=== What you need to do ===
Apart from the pictures, which must be omitted, restate the data exactly.

(Records from a data collection)
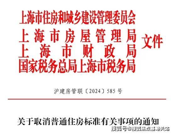 2024年11月18日,上海市住建委发布了《关于取消普通住房标准有关事项的通知》。
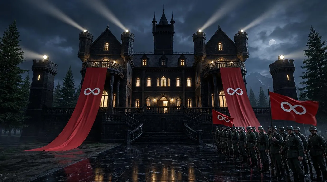 Create stunning AI-generated night scenes of a Gothic infinity mansion with dramatic red canvases, towering black spires, and searchlights. Generate images featuring a company of 1940s German soldiers on wet marble walkways amidst fluttering infinity flags. Design your own haunting, atmospheric visuals with Vivago.ai's powerful image generation tools.
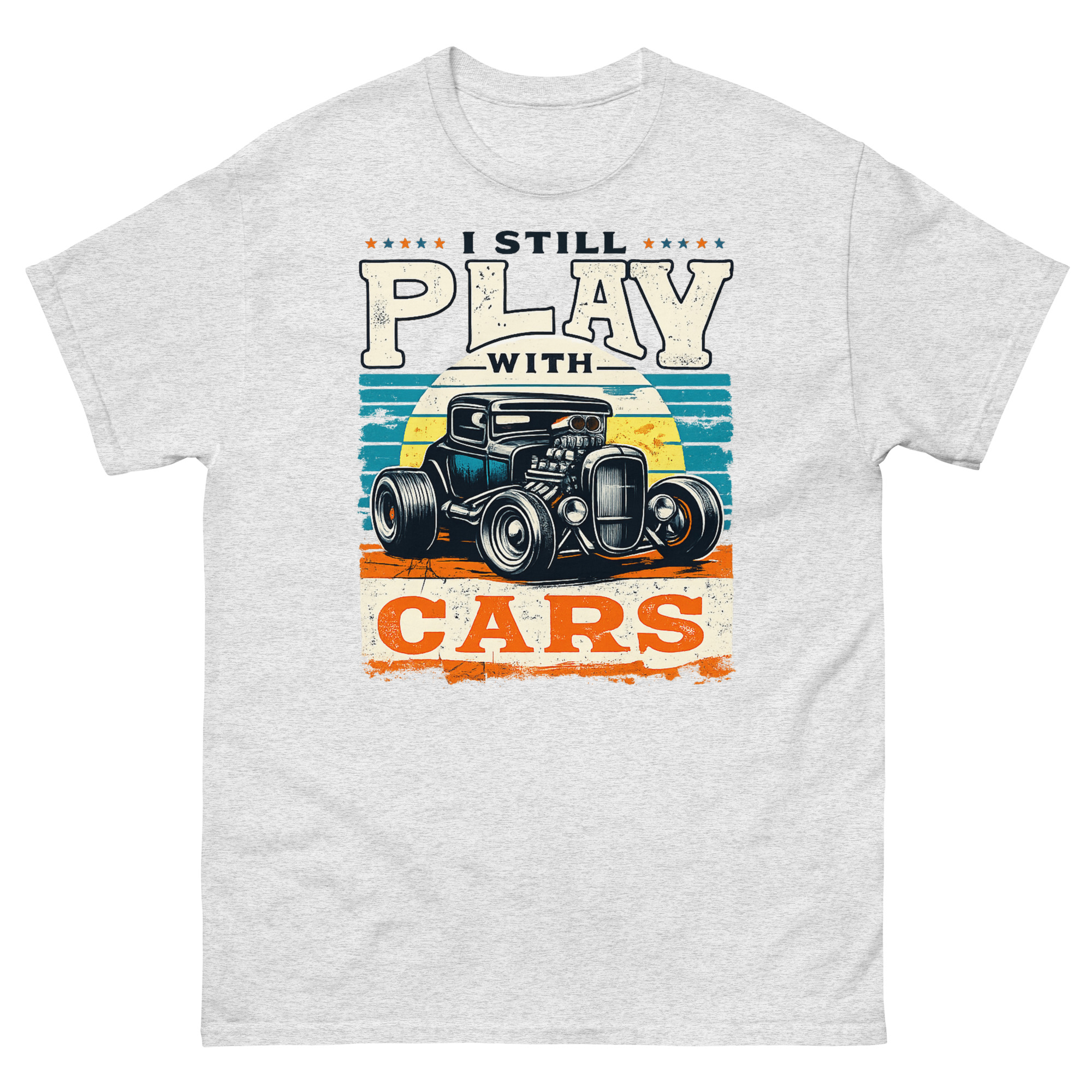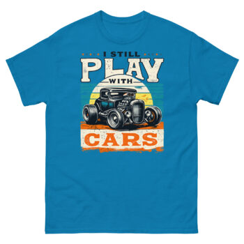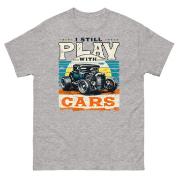 Ready to make your statement? The Still Plays With Cars T Shirt is more than just another graphic tee, it’s a badge of honor for your lifelong hobby. Click ‘Add to Cart’ now to get this unique piece of retro automotive art delivered to your door. Whether you’re buying it for yourself or as the perfect gift for a car guy, it’s designed to be worn, appreciated, and enjoyed for years to come.
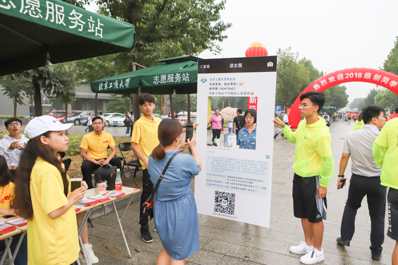 法學(xué)院在開(kāi)學(xué)前就舉辦了直播逛校園的活動(dòng),給每位新生的宿舍門(mén)上都貼了溫暖的寄語(yǔ),準(zhǔn)備了新老生見(jiàn)面會(huì)來(lái)幫助新生熟悉法學(xué)院這個(gè)大家庭;外國(guó)語(yǔ)學(xué)院迎新工作圍繞“安心,暖心,貼心”三心原則,結(jié)合學(xué)院“新相見(jiàn),夢(mèng)飛young” 迎新主題,打造學(xué)院2018特色迎新工作,學(xué)院還為新生們搭建Lucky Pick祝福墻,希望能夠?qū)⑼庹Z(yǔ)精神滲透進(jìn)學(xué)生生活中的點(diǎn)滴;藝術(shù)與傳媒學(xué)院的“北工商校園集章活動(dòng)”帶著萌新們踩點(diǎn)各個(gè)教學(xué)樓,迅速熟悉校園,學(xué)院設(shè)計(jì)專(zhuān)業(yè)教師和學(xué)生共同制作的報(bào)到指南在展示專(zhuān)業(yè)特色的同時(shí),也讓新生們更加了解和熱愛(ài)自己的專(zhuān)業(yè)。剛剛打卡回來(lái)的設(shè)計(jì)183 李煒瀅告訴記者:“學(xué)院設(shè)計(jì)的這個(gè)指南很漂亮,走了一圈,感覺(jué)學(xué)校環(huán)境很好。”
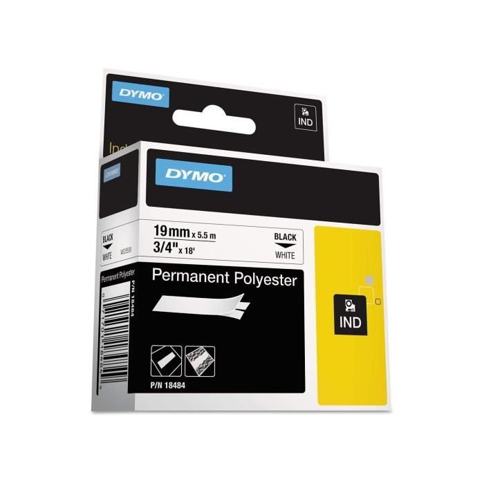 DYMO Rhino - Самоклеящиеся промышленные этикетки из полиэстера, 12 мм x 5,5 м, черные на металлике
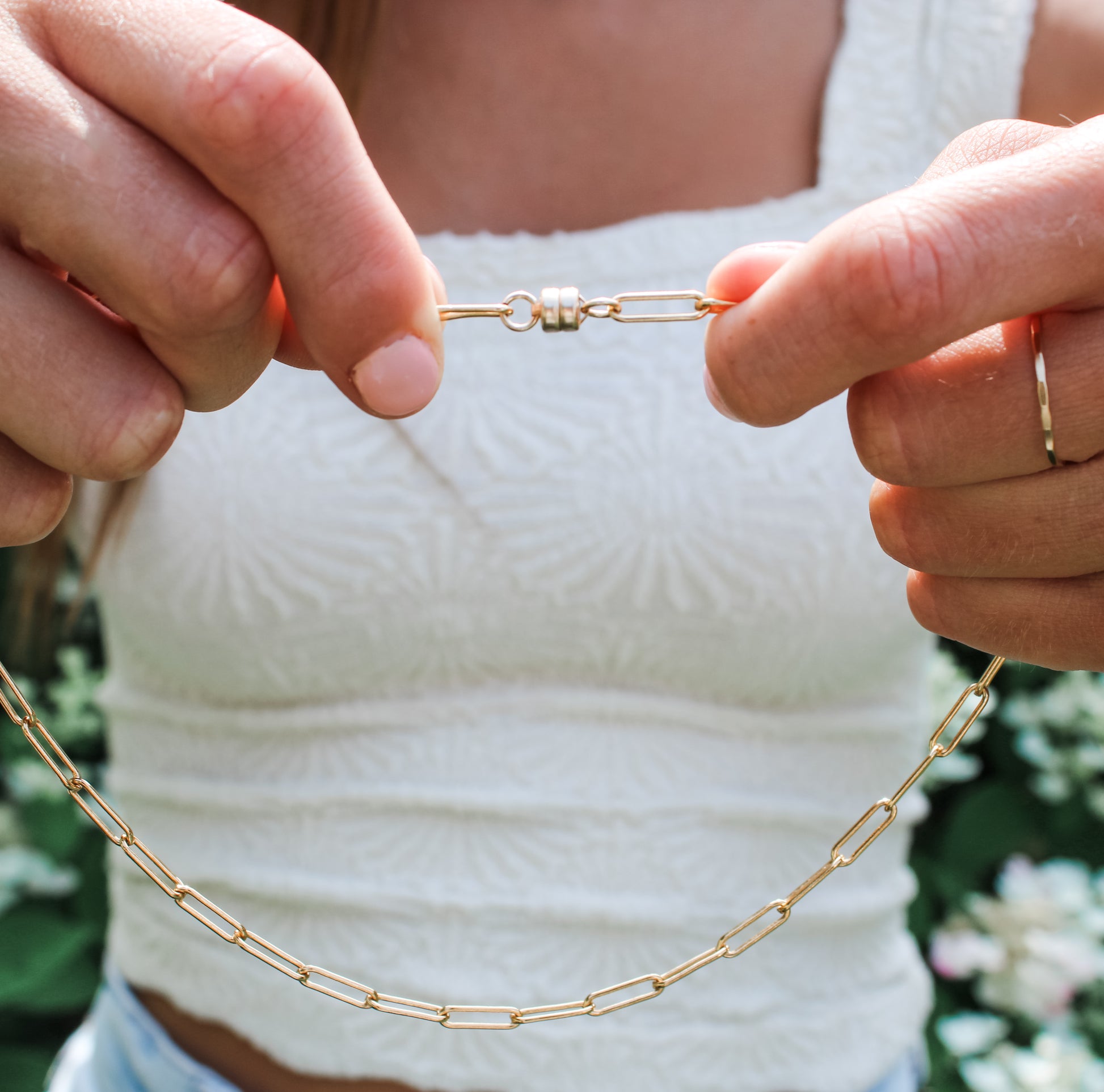 These magnetic clasps can be purchased in gold-filled or sterling silver as an upgrade for a necklace or bracelet in your cart. These clasps will be added instead of a regular clasp to the item you specify.
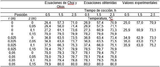 Los modelos propuestos resultan válidos para la estimación de la capacidad térmica específica, la conductividad térmica y la difusividad térmica. La estimación de estas propiedades resultó independiente de la temperatura en el intervalo decocción (10 - 80ºC), siendo solo dependientes del contenido de humedad del producto. Esto queda validado por la similitud entre los perfiles de temperatura obtenidos mediante las ecuaciones de Choi y Okos y los modelos propuestos. La diferencia entre ambos es menor de 1% a las 1,5 y 2,5 h de cocción. Esta diferencia es igual a la obtenida entre los perfiles calculados por ambas vías con el obtenido por medición de la temperatura en el producto. El coeficiente pelicular de transferencia de calor para las condiciones de operación fue de 497 W/m2.K.
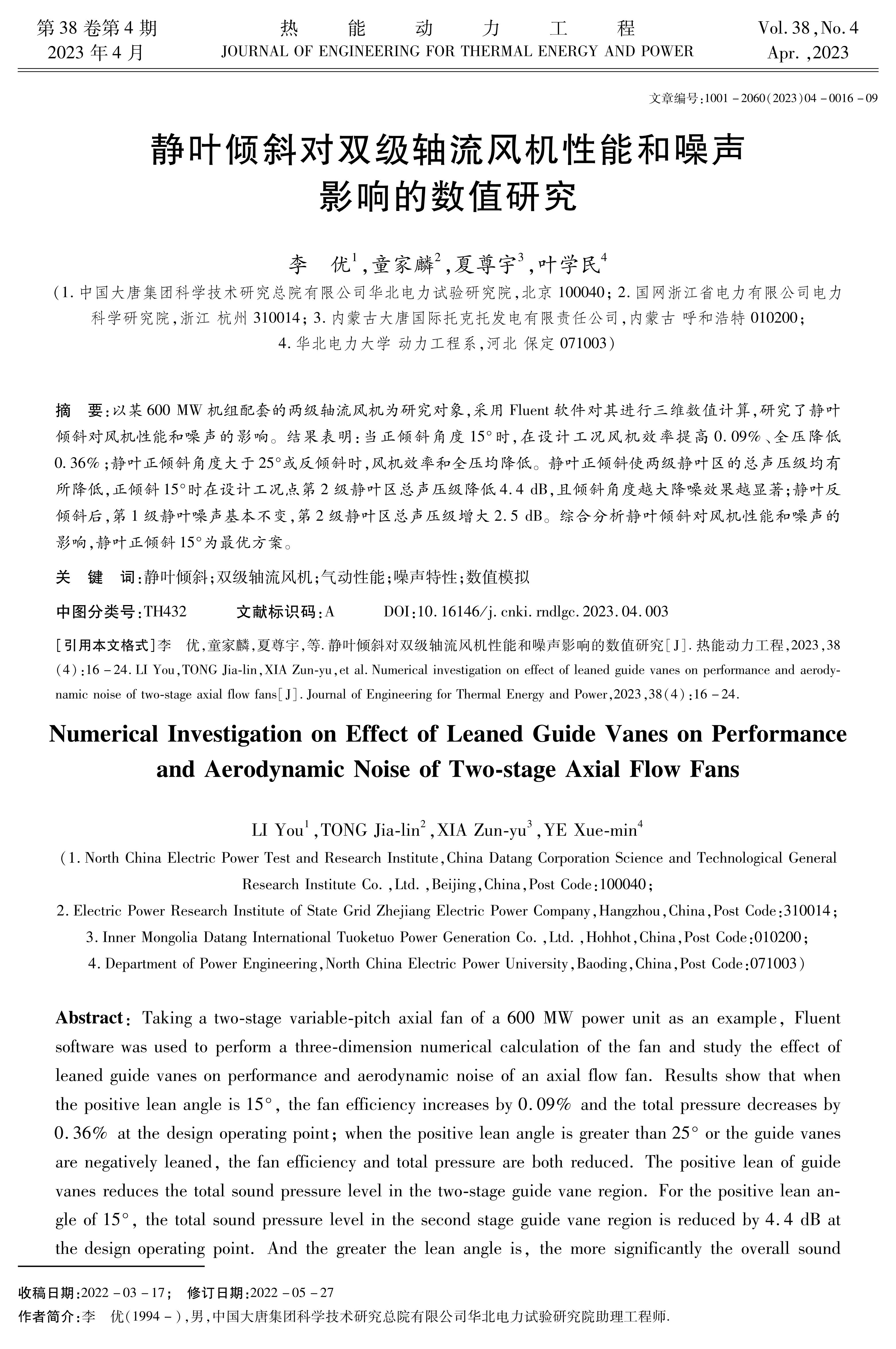 Taking a twostage variablepitch axial fan of a 600 MW power unit as an example, Fluent software was used to perform a threedimension numerical calculation of the fan and study the effect of leaned guide vanes on performance and aerodynamic noise of an axial flow fan. Results show that when the positive lean angle is 15°, the fan efficiency increases by 0.09% and the total pressure decreases by 0.36% at the design operating point; when the positive lean angle is greater than 25° or the guide vanes are negatively leaned, the fan efficiency and total pressure are both reduced. The positive lean of guide vanes reduces the total sound pressure level in the twostage guide vane region. For the positive lean angle of 15°, the total sound pressure level in the second stage guide vane region is reduced by 4.4 dB at the design operating point. And the greater the lean angle is, the more significantly the overall sound pressure level decreases. After the guide vanes are negatively leaned, the noise of the first stage guide vanes is roughly unchanged, and the overall sound pressure level of the second stage guide vane region increases by 2.5 dB. Considering the influence of leaned guide vanes on fan performance and aerodynamic noise, the positively leaned guide vane of 15° is the optimal scheme.

=== Exercise answer ===
 2024年11月18日,上海市住建委发布了《关于取消普通住房标准有关事项的通知》。
 Create stunning AI-generated night scenes of a Gothic infinity mansion with dramatic red canvases, towering black spires, and searchlights. Generate images featuring a company of 1940s German soldiers on wet marble walkways amidst fluttering infinity flags. Design your own haunting, atmospheric visuals with Vivago.ai's powerful image generation tools.
 Ready to make your statement? The Still Plays With Cars T Shirt is more than just another graphic tee, it’s a badge of honor for your lifelong hobby. Click ‘Add to Cart’ now to get this unique piece of retro automotive art delivered to your door. Whether you’re buying it for yourself or as the perfect gift for a car guy, it’s designed to be worn, appreciated, and enjoyed for years to come.
 法學(xué)院在開(kāi)學(xué)前就舉辦了直播逛校園的活動(dòng),給每位新生的宿舍門(mén)上都貼了溫暖的寄語(yǔ),準(zhǔn)備了新老生見(jiàn)面會(huì)來(lái)幫助新生熟悉法學(xué)院這個(gè)大家庭;外國(guó)語(yǔ)學(xué)院迎新工作圍繞“安心,暖心,貼心”三心原則,結(jié)合學(xué)院“新相見(jiàn),夢(mèng)飛young” 迎新主題,打造學(xué)院2018特色迎新工作,學(xué)院還為新生們搭建Lucky Pick祝福墻,希望能夠?qū)⑼庹Z(yǔ)精神滲透進(jìn)學(xué)生生活中的點(diǎn)滴;藝術(shù)與傳媒學(xué)院的“北工商校園集章活動(dòng)”帶著萌新們踩點(diǎn)各個(gè)教學(xué)樓,迅速熟悉校園,學(xué)院設(shè)計(jì)專(zhuān)業(yè)教師和學(xué)生共同制作的報(bào)到指南在展示專(zhuān)業(yè)特色的同時(shí),也讓新生們更加了解和熱愛(ài)自己的專(zhuān)業(yè)。剛剛打卡回來(lái)的設(shè)計(jì)183 李煒瀅告訴記者:“學(xué)院設(shè)計(jì)的這個(gè)指南很漂亮,走了一圈,感覺(jué)學(xué)校環(huán)境很好。”
 DYMO Rhino - Самоклеящиеся промышленные этикетки из полиэстера, 12 мм x 5,5 м, черные на металлике
 These magnetic clasps can be purchased in gold-filled or sterling silver as an upgrade for a necklace or bracelet in your cart. These clasps will be added instead of a regular clasp to the item you specify.
 Los modelos propuestos resultan válidos para la estimación de la capacidad térmica específica, la conductividad térmica y la difusividad térmica. La estimación de estas propiedades resultó independiente de la temperatura en el intervalo decocción (10 - 80ºC), siendo solo dependientes del contenido de humedad del producto. Esto queda validado por la similitud entre los perfiles de temperatura obtenidos mediante las ecuaciones de Choi y Okos y los modelos propuestos. La diferencia entre ambos es menor de 1% a las 1,5 y 2,5 h de cocción. Esta diferencia es igual a la obtenida entre los perfiles calculados por ambas vías con el obtenido por medición de la temperatura en el producto. El coeficiente pelicular de transferencia de calor para las condiciones de operación fue de 497 W/m2.K.
 Taking a twostage variablepitch axial fan of a 600 MW power unit as an example, Fluent software was used to perform a threedimension numerical calculation of the fan and study the effect of leaned guide vanes on performance and aerodynamic noise of an axial flow fan. Results show that when the positive lean angle is 15°, the fan efficiency increases by 0.09% and the total pressure decreases by 0.36% at the design operating point; when the positive lean angle is greater than 25° or the guide vanes are negatively leaned, the fan efficiency and total pressure are both reduced. The positive lean of guide vanes reduces the total sound pressure level in the twostage guide vane region. For the positive lean angle of 15°, the total sound pressure level in the second stage guide vane region is reduced by 4.4 dB at the design operating point. And the greater the lean angle is, the more significantly the overall sound pressure level decreases. After the guide vanes are negatively leaned, the noise of the first stage guide vanes is roughly unchanged, and the overall sound pressure level of the second stage guide vane region increases by 2.5 dB. Considering the influence of leaned guide vanes on fan performance and aerodynamic noise, the positively leaned guide vane of 15° is the optimal scheme.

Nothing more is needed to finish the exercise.